## Task description
Skip the pictures and repeat each line of the data exactly.

Exercise inputs START

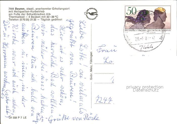 72420704 alte Postkarte Beuren Nuertingen Heilquellen Kurbetrieb am Fusse der Schwaebischen Alb postalisch gelaufen Erhaltung siehe scans KatCode: 11110008116011
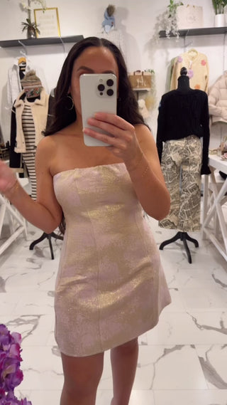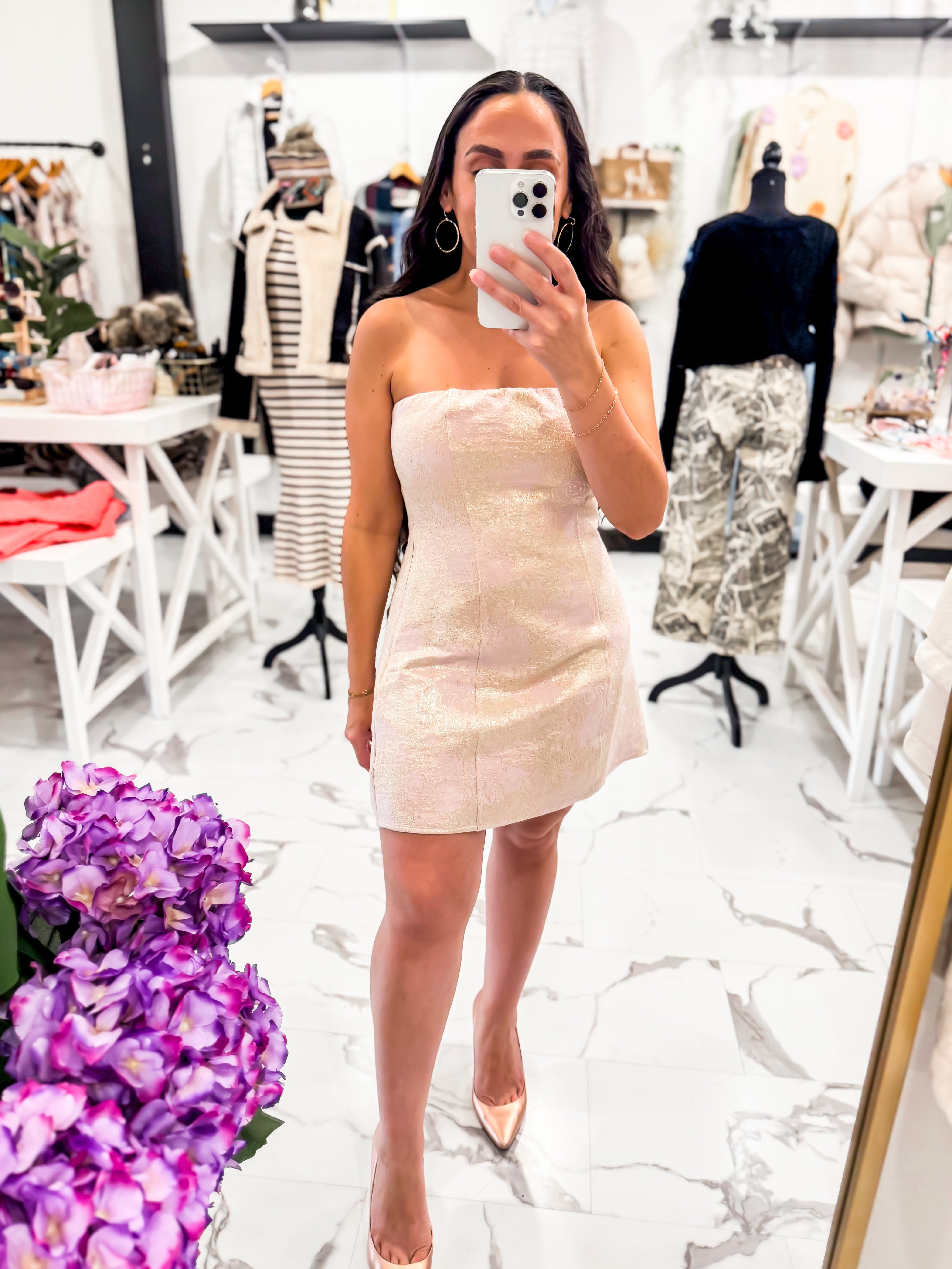 Soft, shimmery, simply stunning! The On My Own Strapless Mini Dress is the definition of quiet glamour. Designed in a romantic dusty pink jacquard with subtle gold threading, it catches the light beautifully with every movement. The clean strapless neckline and tailored silhouette create a timeless, confident fit that flatters your shape while keeping it effortlessly elegant. Rock this dress with our Meghan Earrings, Sunday Stroll Cardigan, and pumps.
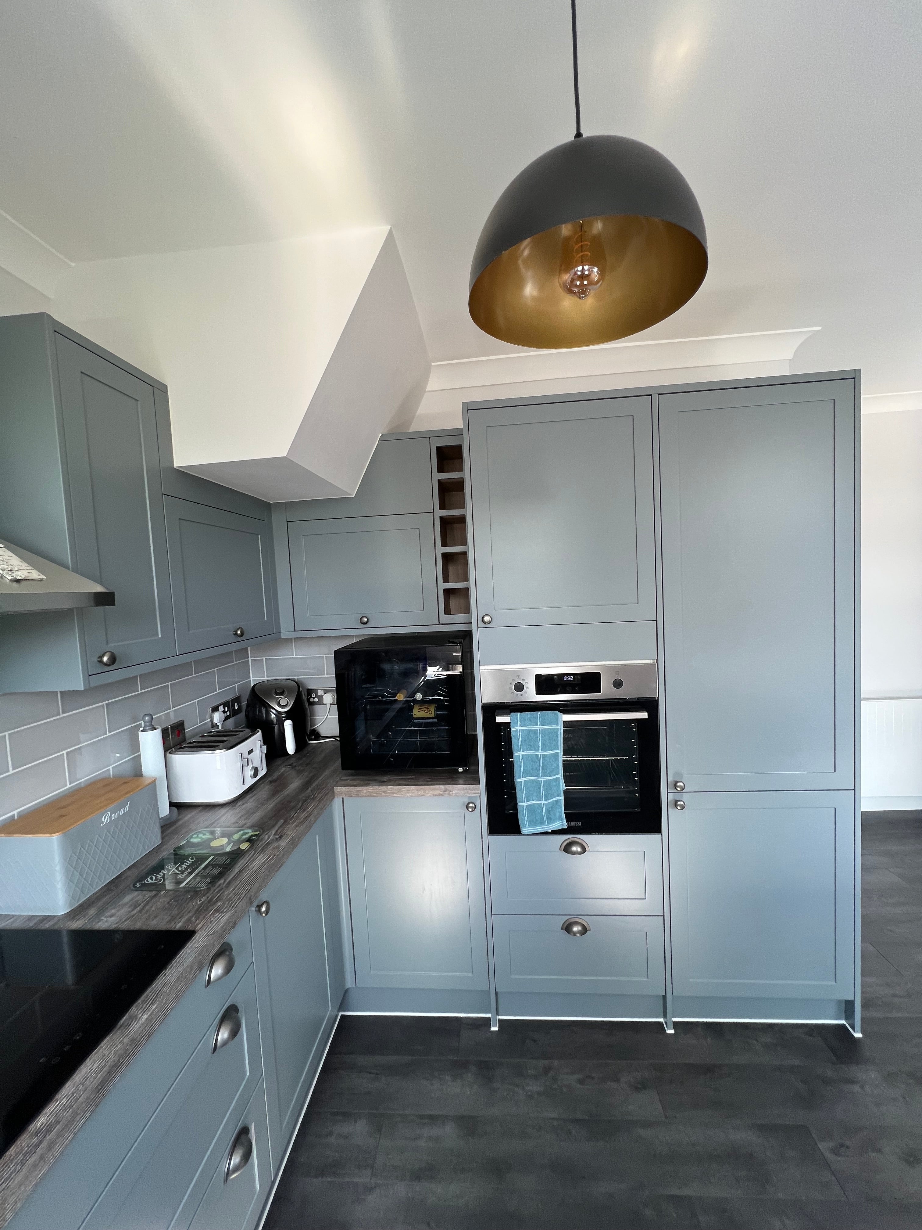 🔹 Contemporary Grey Metro Tiles – Enhancing the backsplash with a sleek, modern look.
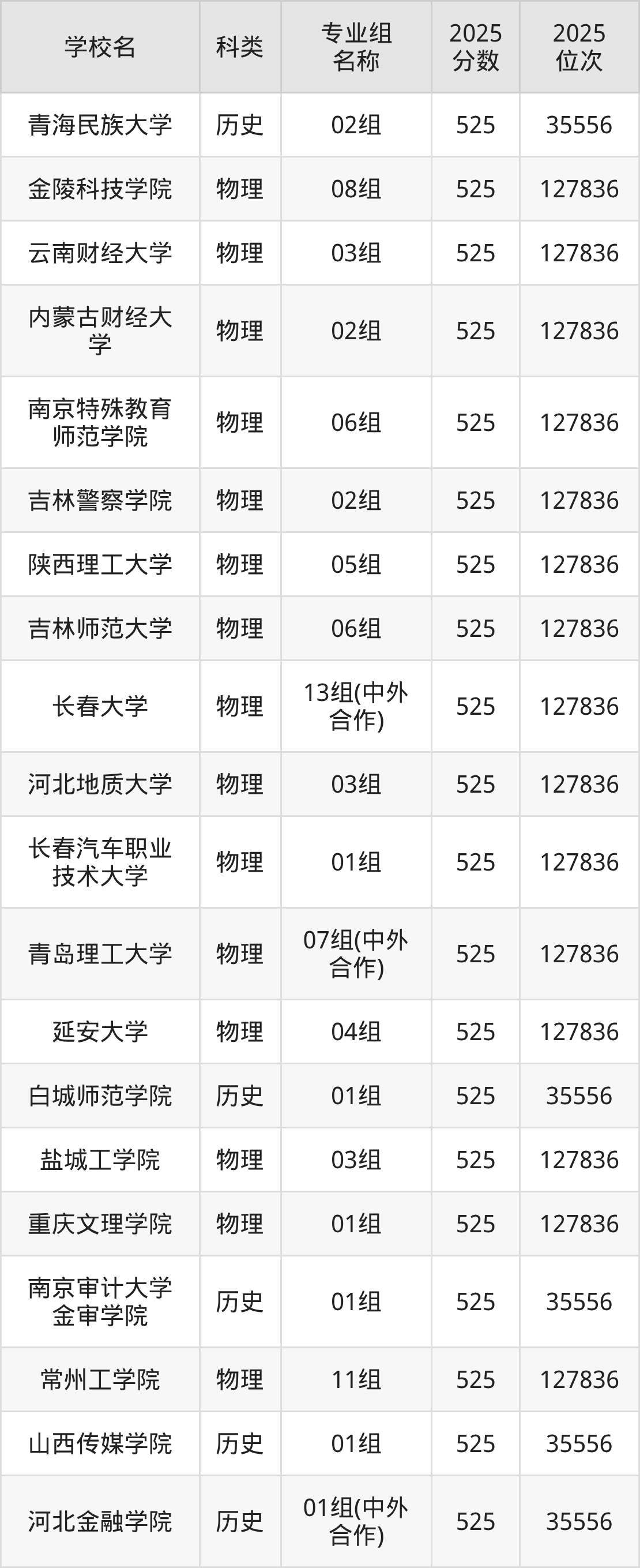 除上述院校外,525分可上的公办二本大学还有吉林工程技术师范学院(第003组415分,位次63704名)、广东海洋大学(第003组500分,位次32203名)。
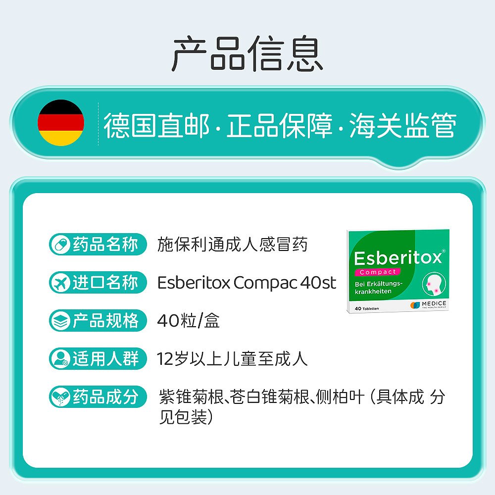 欧洲直邮德国药房Esberitox施保利通成人感冒药40粒抗病毒流感
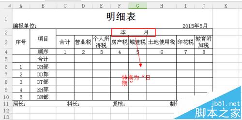 2、对表格中出现的所有信息进行判定,排除与得到数据结果无关的,例如:“序号”“顺序“”合计“”局长“”2015年5月“等。如下图

Exercise inputs END

## Final answer
 72420704 alte Postkarte Beuren Nuertingen Heilquellen Kurbetrieb am Fusse der Schwaebischen Alb postalisch gelaufen Erhaltung siehe scans KatCode: 11110008116011
 Soft, shimmery, simply stunning! The On My Own Strapless Mini Dress is the definition of quiet glamour. Designed in a romantic dusty pink jacquard with subtle gold threading, it catches the light beautifully with every movement. The clean strapless neckline and tailored silhouette create a timeless, confident fit that flatters your shape while keeping it effortlessly elegant. Rock this dress with our Meghan Earrings, Sunday Stroll Cardigan, and pumps.
 🔹 Contemporary Grey Metro Tiles – Enhancing the backsplash with a sleek, modern look.
 除上述院校外,525分可上的公办二本大学还有吉林工程技术师范学院(第003组415分,位次63704名)、广东海洋大学(第003组500分,位次32203名)。
 欧洲直邮德国药房Esberitox施保利通成人感冒药40粒抗病毒流感
 2、对表格中出现的所有信息进行判定,排除与得到数据结果无关的,例如:“序号”“顺序“”合计“”局长“”2015年5月“等。如下图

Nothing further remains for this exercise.